* _PROBLEM TO SOLVE_
Although the records include pictures, the copy should not; write out exactly the lines from the first through the line with "W maju problemy".

Stored dataset items:
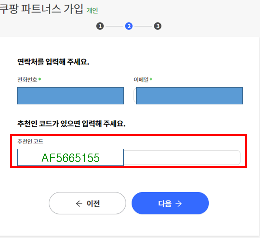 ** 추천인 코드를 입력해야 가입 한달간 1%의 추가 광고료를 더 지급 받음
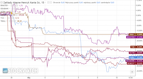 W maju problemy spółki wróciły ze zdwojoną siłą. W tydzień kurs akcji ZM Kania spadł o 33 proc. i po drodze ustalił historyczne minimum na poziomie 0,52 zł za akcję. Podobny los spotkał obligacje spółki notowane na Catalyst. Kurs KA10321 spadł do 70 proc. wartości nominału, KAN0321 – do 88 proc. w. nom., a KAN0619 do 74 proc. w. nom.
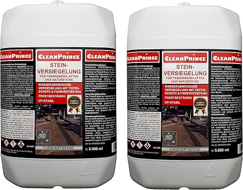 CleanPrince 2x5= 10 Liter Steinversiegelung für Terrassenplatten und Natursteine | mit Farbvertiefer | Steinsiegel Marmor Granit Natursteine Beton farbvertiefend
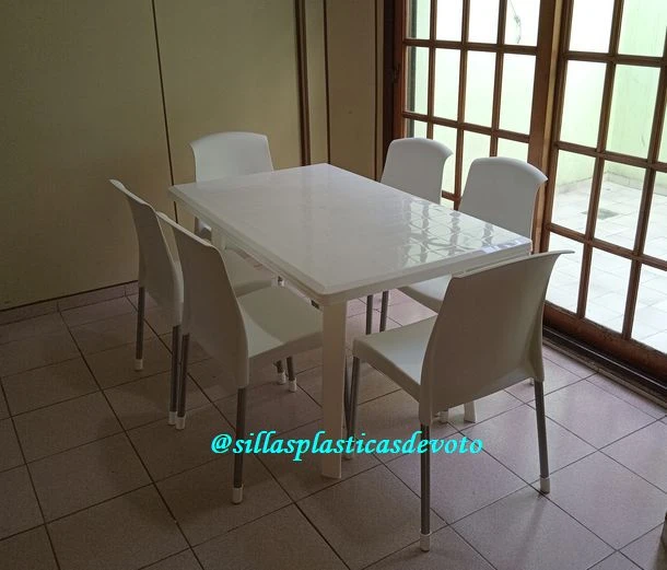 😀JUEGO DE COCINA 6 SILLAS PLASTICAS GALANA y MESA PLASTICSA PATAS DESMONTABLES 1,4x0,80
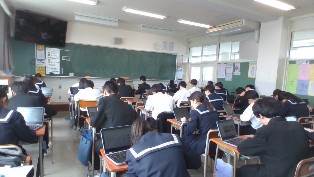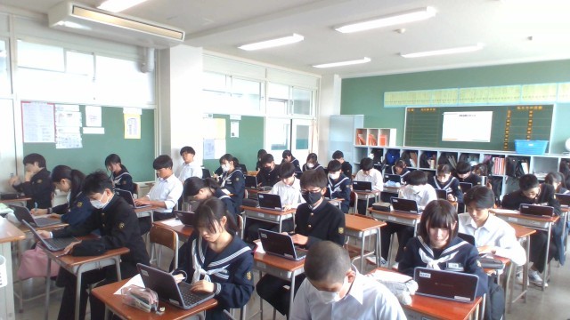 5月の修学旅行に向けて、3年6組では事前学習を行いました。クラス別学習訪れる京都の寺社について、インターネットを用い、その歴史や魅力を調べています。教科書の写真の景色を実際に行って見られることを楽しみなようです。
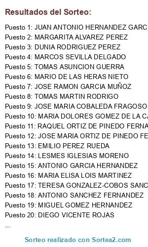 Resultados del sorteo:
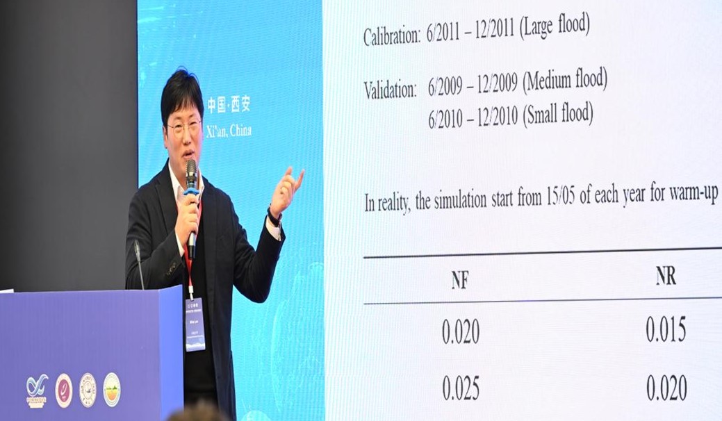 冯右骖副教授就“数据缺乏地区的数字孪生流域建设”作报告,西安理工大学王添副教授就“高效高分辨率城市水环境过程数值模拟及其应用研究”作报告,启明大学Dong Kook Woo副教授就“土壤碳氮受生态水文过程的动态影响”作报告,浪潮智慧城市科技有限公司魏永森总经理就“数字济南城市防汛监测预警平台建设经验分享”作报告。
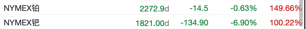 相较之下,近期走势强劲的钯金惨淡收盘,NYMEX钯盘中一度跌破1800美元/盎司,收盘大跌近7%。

* _ANSWER BOX_
 ** 추천인 코드를 입력해야 가입 한달간 1%의 추가 광고료를 더 지급 받음
 W maju problemy spółki wróciły ze zdwojoną siłą. W tydzień kurs akcji ZM Kania spadł o 33 proc. i po drodze ustalił historyczne minimum na poziomie 0,52 zł za akcję. Podobny los spotkał obligacje spółki notowane na Catalyst. Kurs KA10321 spadł do 70 proc. wartości nominału, KAN0321 – do 88 proc. w. nom., a KAN0619 do 74 proc. w. nom.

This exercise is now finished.